6.0. Notes and Hints for HYDRO1k Users

Because the image (.bil) data are stored in a 16-bit binary format, users must be aware of how the bytes are addressed on their computers. The data are provided in Motorola byte order, which stores the most significant byte first ("big endian"). Systems such as Sun SPARC and Silicon Graphics workstations use the Motorola byte order. The Intel byte order, which stores the least significant byte first ("little endian"), is used on DEC Alpha systems and most PCs. Users with systems that address bytes in the Intel byte order may have to "swap bytes" of the BIL data unless their application software performs the conversion during ingest. The statistics file (.stx) provided for each data set gives the range of values in the image file, so that users can check if they have the correct values stored on their system.

Users of ARC/INFO or ArcView can display the image data directly. However, if a user needs access to the actual pixel values for analysis in ARC/INFO the image must be converted to an ARC/INFO grid with the command IMAGEGRID. IMAGEGRID does not support conversion of signed image data, therefore the negative 16-bit image values will not be interpreted correctly. After running IMAGEGRID, an easy fix can be accomplished using the following formula in GRID:

out_grid = con(in_grid >= 32768, in_grid - 65536, in_grid)

The converted grid will then have the negative values properly represented, and the statistics of the grid should match those listed in the .stx file. If desired, the -9999 ocean mask values in the grid could then be set to NODATA with the SETNULL function.

7.0. Summary

The HYDRO1k data set provides many of the derivative products useful in earth science applications.

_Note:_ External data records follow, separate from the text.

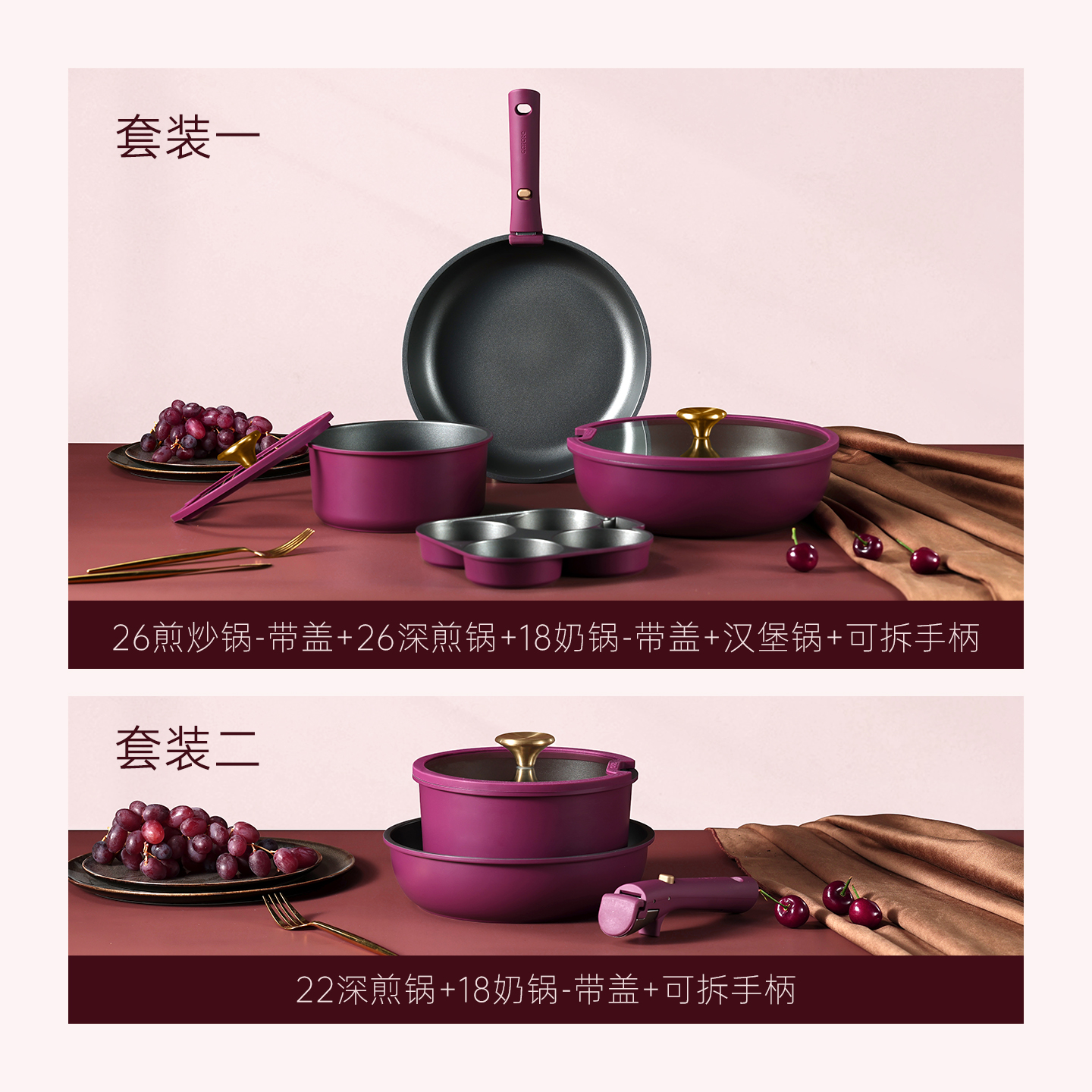 卡罗特不粘锅可拆卸手柄锅家用平底煎炒钛锅奶锅锅具套装全套家用
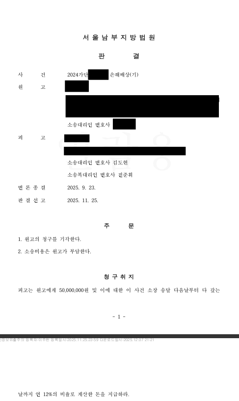청구 기각 원고 전부 승소! 재판부는 무율의 주장을 받아들여 "원고가 제출한 증거들만으로는 피고의 불법행위 책임을 인정하기에 부족하고, 달리 이를 인정할 증거가 없다"고 판시하였습니다. 결국 법원은 원고의 5,000만 원 청구를 모두 기각하고, 소송비용 또한 원고가 전액 부담하라는 판결을 내렸습니다. 자칫 파렴치한 가해자로 몰릴 뻔했던 의뢰인의 억울함을 완벽하게 풀어드린 성공적인 사례입니다.
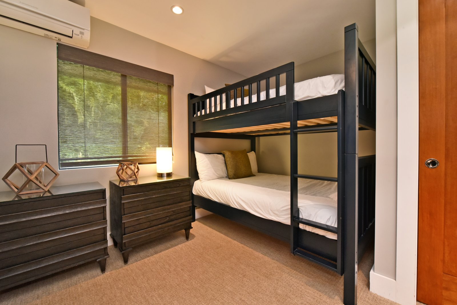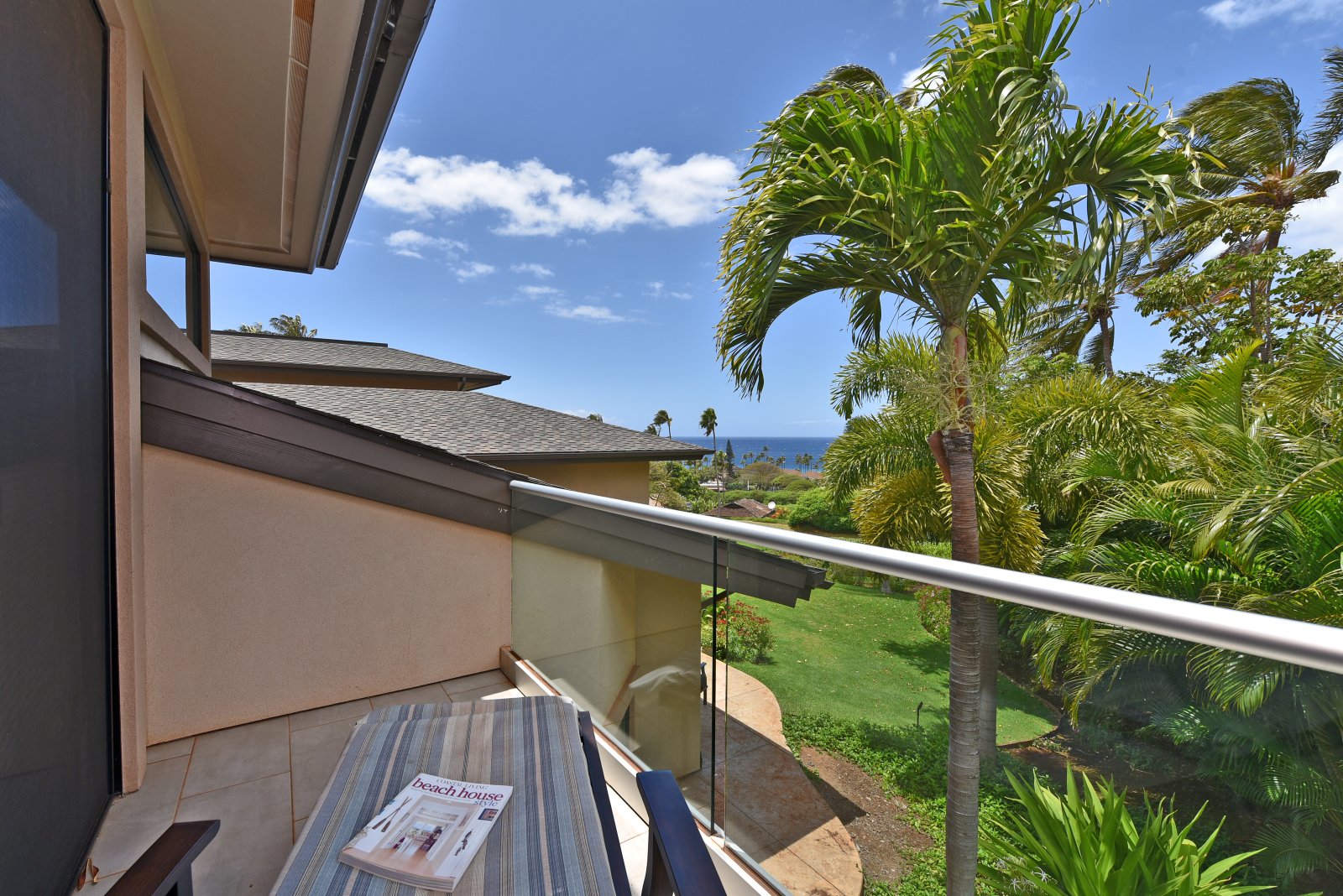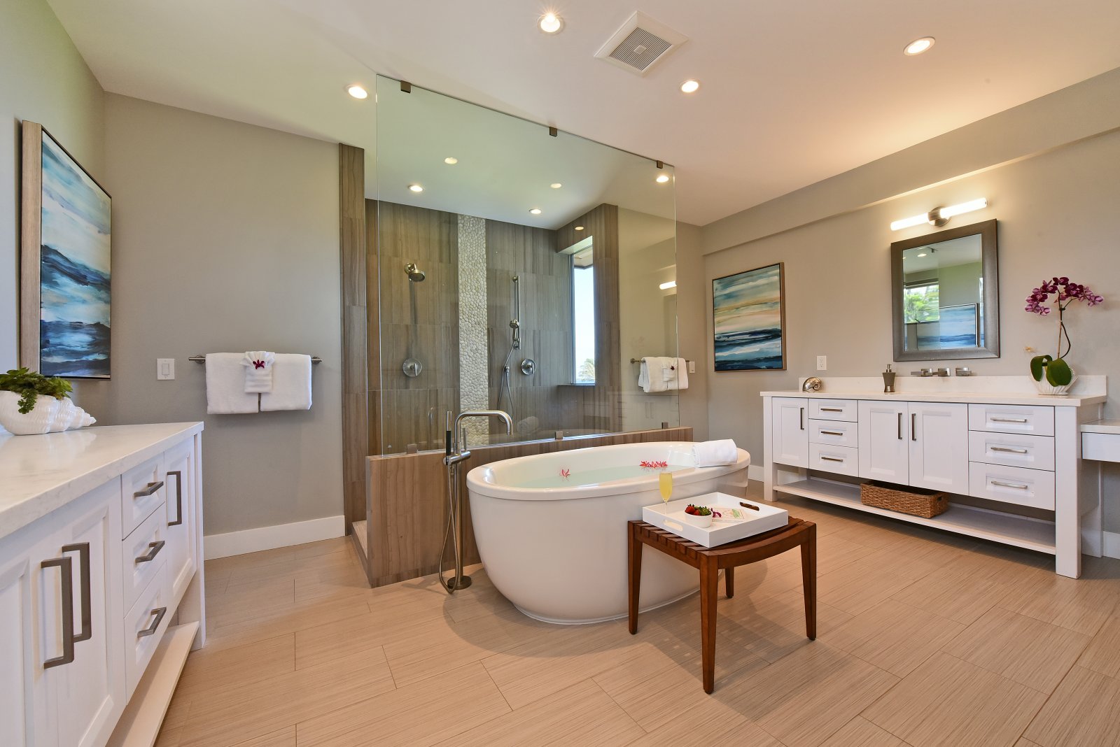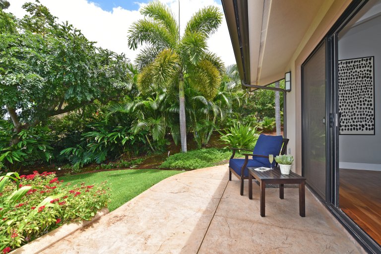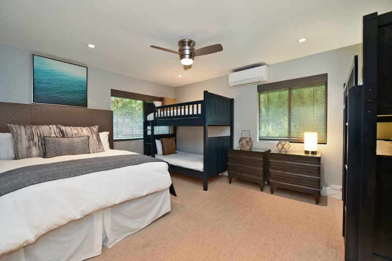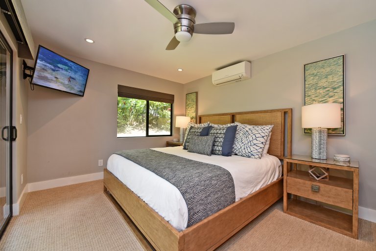 Each of the bedrooms serves as a private retreat! The upstairs master suites are furnished with new King-sized beds, flat-screen TVs, and contemporary bathrooms, isolated lanais with ocean views. In a downstairs corner of the home, is a bedroom with a King-sized bed, flat-screen TV, and ensuite bathroom. In a separate hall, you'll find the Kids' room furnished with a Queen-sized bed, 1 bunk set with 2 full beds, and 1 bunk set with 2 twin beds – also with an ensuite bathroom. Further down the hall is another bedroom with a Queen-sized bed, flat-screen TV, and an ensuite bathroom.

The hydrologically correct DEM and ancillary data layers are useful in studies of earth systems including watershed analysis, landform studies and global change scenarios. Development of a standard set of data layers minimizes duplication of effort and will provide consistent global coverage.

8.0 References

Danielson, J.J., 1996. Delineation of drainage basins from 1 km African digital elevation data. In: Pecora Thirteen, Human Interactions with the Environment - Perspectives from Space, Sioux Falls, South Dakota, August 20-22, 1996.

Danko, D.M., 1992. The digital chart of the world. GeoInfo Systems, 2:29-36.

Defense Mapping Agency, 1992, Development of the Digital Chart of the World: Washington, D.C., U.S. Government Printing Office

ESRI, 1992, "Cell based modeling with GRID", ESRI, Inc., Redlands, California.

Moore, I.D., R.B. Grayson and A.R. Ladson, 1991, Digital Terrain Modelling: A Review of Hydrological, Geomorphological and Biological Applications. In: Hydrological Processes An International Journal, January - March, 1991, pp. 3 - 30.

Steinwand, D.R., Hutchinson, J.A., and Snyder, J.P. ,1995, Map projections for global and continental data sets and an analysis of pixel distortion caused by reprojection: Photogrammetric Engineering and Remote Sensing, v. 61, p. 1,487-1,497.

Verdin, K.L., and Greenlee, S.K., 1996. Development of continental scale digital elevation models and extraction of hydrographic features. In: Proceedings, Third International Conference/Workshop on Integrating GIS and Environmental Modeling, Santa Fe, New Mexico, January 21-26, 1996. National Center for Geographic Information and Analysis, Santa Barbara, California.

Verdin, K.L., A System for Topologically Coding Global Drainage Basins and Stream Networks. In: Proceedings, 17th Annual ESRI Users Conference, San Diego, California, July 1997.

9.0 Disclaimers

Any use of trade, product, or firm names is for descriptive purposes only and does not imply endorsement by the U.S. Government. Please note that some U.S. Geological Survey (USGS) information contained in this data set and documentation may be preliminary in nature and presented prior to final review and approval by the Director of the USGS. This information is provided with the understanding that it is not guaranteed to be correct or complete and conclusions drawn from such information are the sole responsibility of the user.